Volume Cap: Stop if the agent attempts to email > 1,000 people in 1 minute.
These controls must be hard-coded into the orchestration platform, inaccessible to the agent itself.
3C. Legal and Compliance (Agency Law)
The legal personality of autonomous agents is still grey. If an autonomous buying agent signs a contract with a vendor agent, is the contract valid?
Enterprises must establish clear Terms of Agency. We must update vendor contracts to account for “agent-generated” liabilities. The human operator must retain strict liability for the agent’s actions to ensure enforceability.
3D. Ethical Boundaries (Rules of Engagement)
Agents effectively negotiate on our behalf. Ethical governance now means defining the rules of engagement.
Can your sales agent lie by omission to close a deal? Can it feign empathy?
If the answer is no, that rule must be explicitly programmed into the system prompt and verified by the oversight layer. We are seeing a move toward “Disclosure by Default,” where agents must identify themselves as non-human at the start of any interaction.
4. The Operational Reality
We are moving from Human-in-the-Loop to Human-on-the-Loop.
In the “In-the-Loop” model (2023-2024), the human approved every action. That is unscalable. It turns the human into a bottleneck.
In the “On-the-Loop” model (2026), the human sets the parameters and monitors the dashboard, intervening only when the system flags an anomaly.
This requires a new role in the organization:
The AI Orchestrator.
This is not a prompt engineer. This is a systems thinker who designs the workflows, permissions, and oversight mechanisms for multi-agent swarms. They are the managers of the digital workforce. Their job is not to do the work, but to design the constraints within which the work happens.
Moving Forward
The novelty of AI agents has worn off. We are now in the implementation phase.
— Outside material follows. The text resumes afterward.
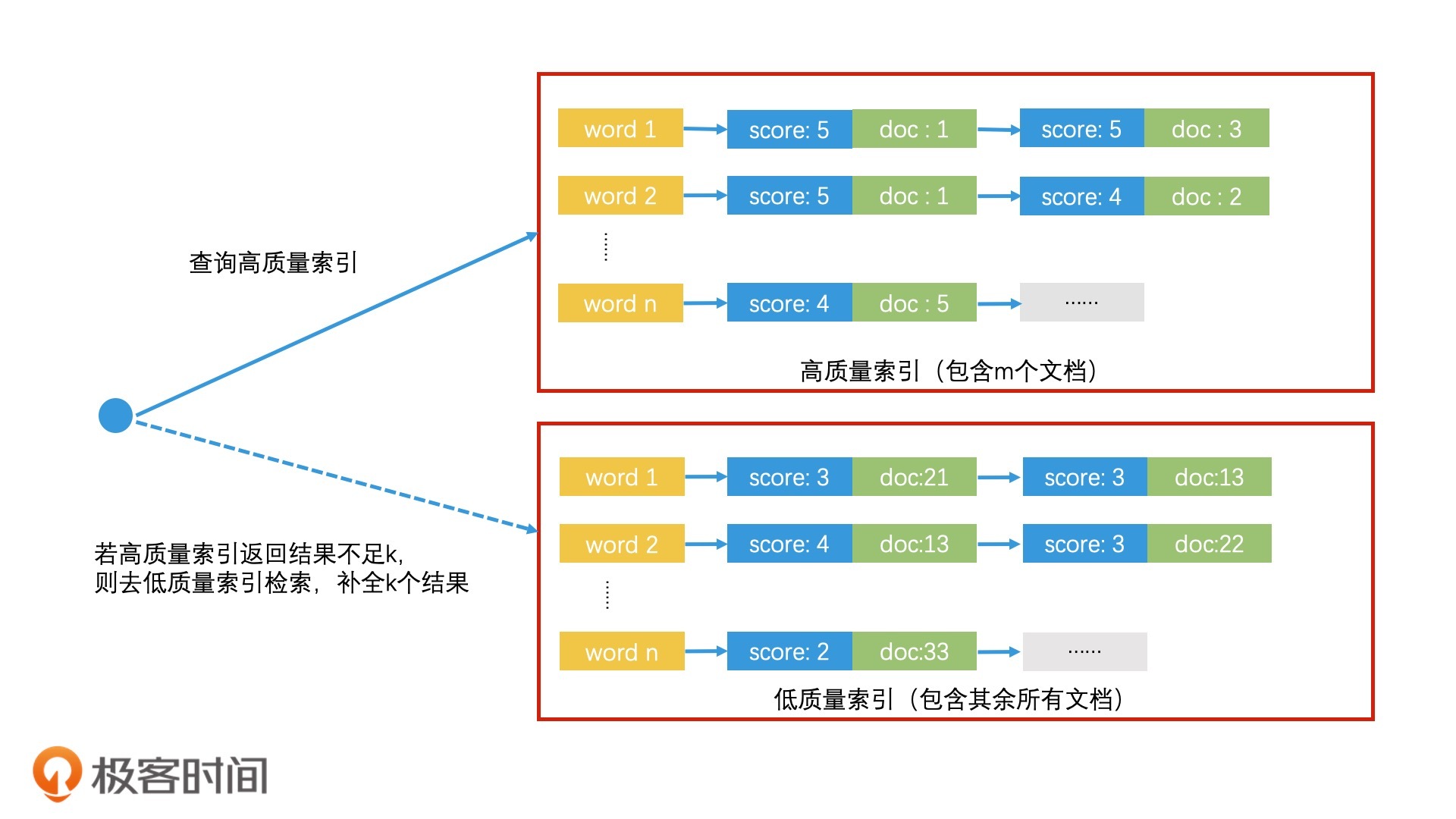 在实际检索的时候,我们会先去高质量索引中查询,如果高质量索引中可以返回的结果大于k个,我们直接截取Top K个结果返回即可;如果高质量索引中的检索结果不足k个,那我们再去低质量索引中查询,补全到k个结果,然后终止查询。通过这样的分层索引,我们就能快速地完成Top K的检索了。
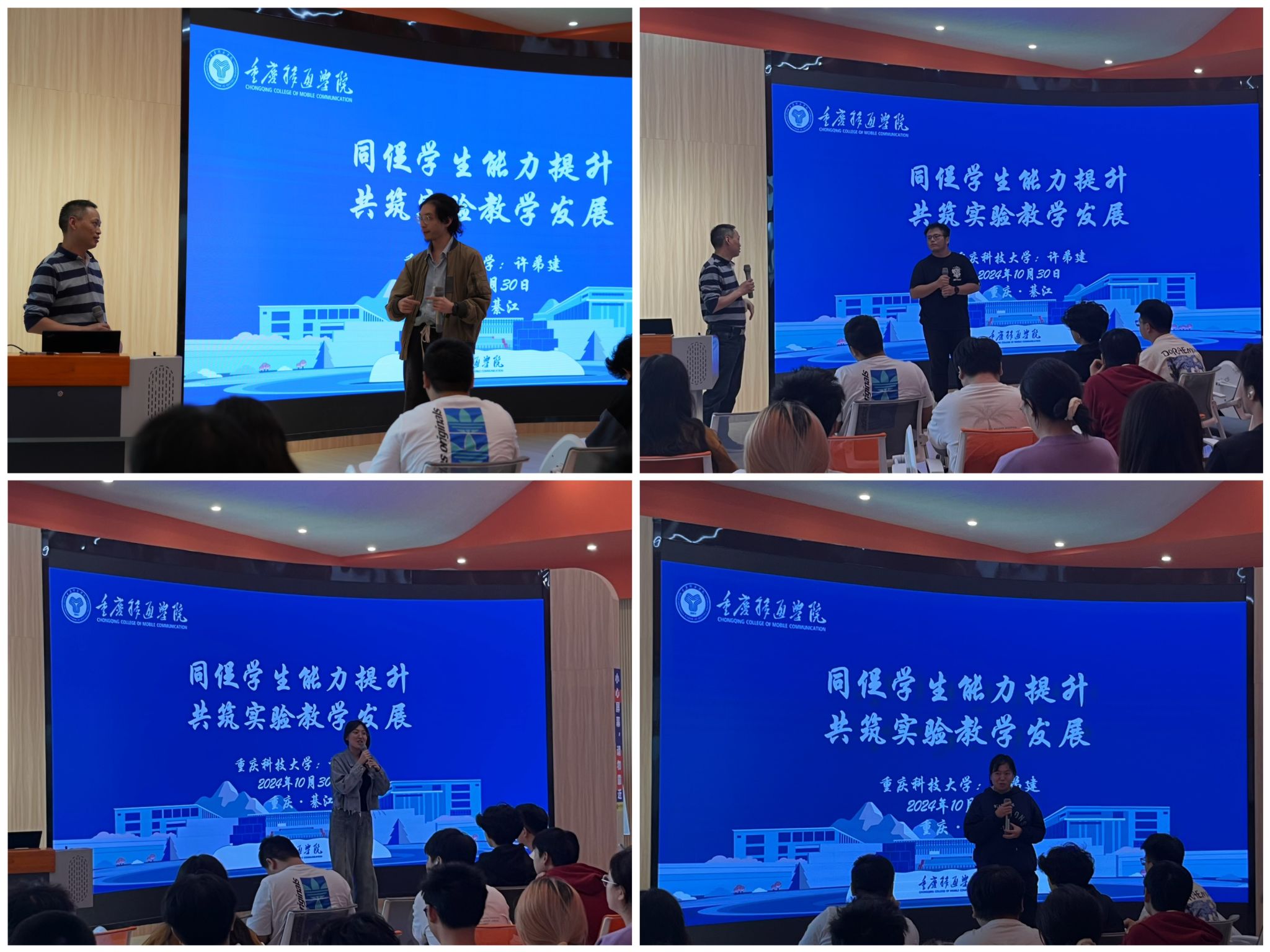 紧接着,在綦江校区实训中心郭爽主任的主持下,开展了“高校实验室建设与应用探索”专题讲座,许弟建副教授从群策群力搞策划、设备展览多参加、校际交流激灵感等理念中提炼出口袋实验室、虚拟实验室、可编程控制实验室、智能感知实验室建设思路,为我校实验室建设分享经验、提供灵感。

The companies that succeed in 2026 will not be the ones with the smartest models. Everyone has access to the same foundational intelligence. The winners will be the ones with the strongest Control Planes.
Reliability is the new benchmark for intelligence. If you cannot trust an agent to act autonomously while you sleep, you do not have an agent. You have a toy.
Governance is the bridge between a toy and a tool.